Recibos de alcantarillado, basuras, vehículos, agua, pasos de carruajes, licencias, etc., con los ejercicios, las direcciones y los nombres revueltos, yacían en aquel informe montón y, algunos de ellos, también tirados por el suelo como las papeletas abiertas de una tómbola.
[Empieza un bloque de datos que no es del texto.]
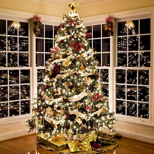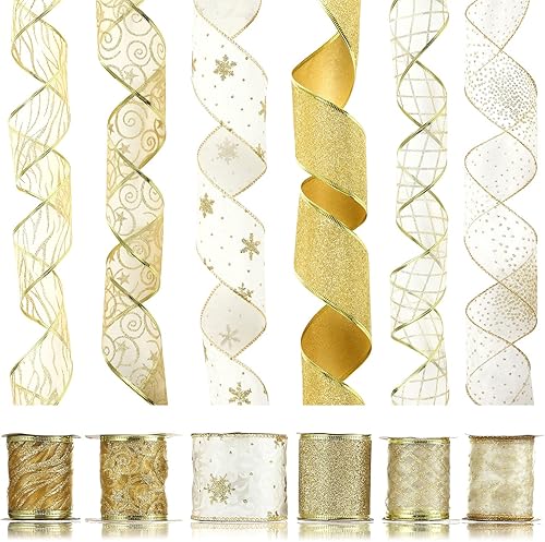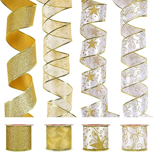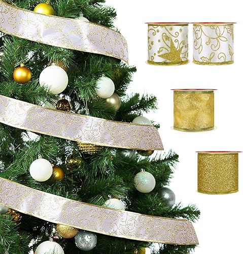 LIHAO 4 Rouleaux de Ruban de Noël, Runban de Soie Pailleté pour Décoration de Sapin de Noël, Fête de Mariage, Emballage de Cadeau (600×6.3CM, 4 Motifs)
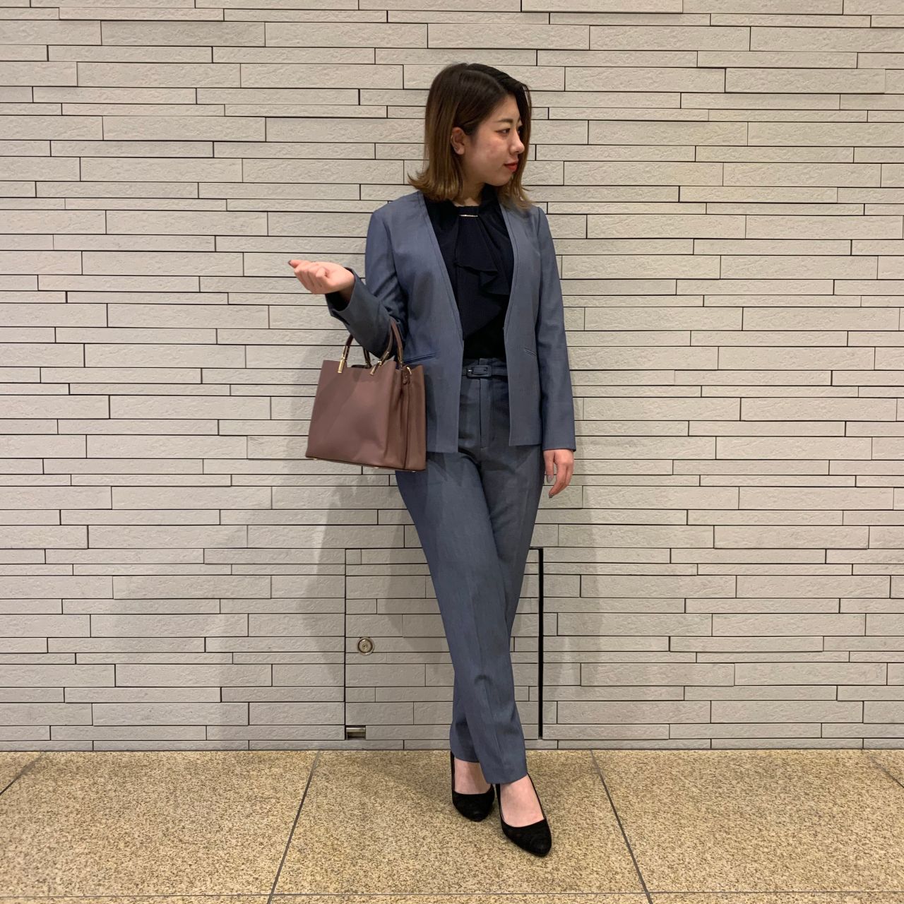 こちらのスーツはウォッシャブルになっていて、ストレッチが効いているので動きやすいです。また、シンプルなデザインなので他の持ち物ともコーディネートしやすいのでぜひ気になる方はお店に足を運んでみてください。

Le llevó mes y medio ordenar todo aquello, primero por contribuyentes y luego por domicilios; otras dos semanas meterlo en carpetas y archivarlo.
Ahora, pensó, se puede proceder sistemática y coherentemente al cobro. Y respiró.
Uranga, el viejo zorro, le palmeó la espalda y le dijo:
- Si mis hermanos hubieran sido como tú, se nos saldría el dinero por la chimenea.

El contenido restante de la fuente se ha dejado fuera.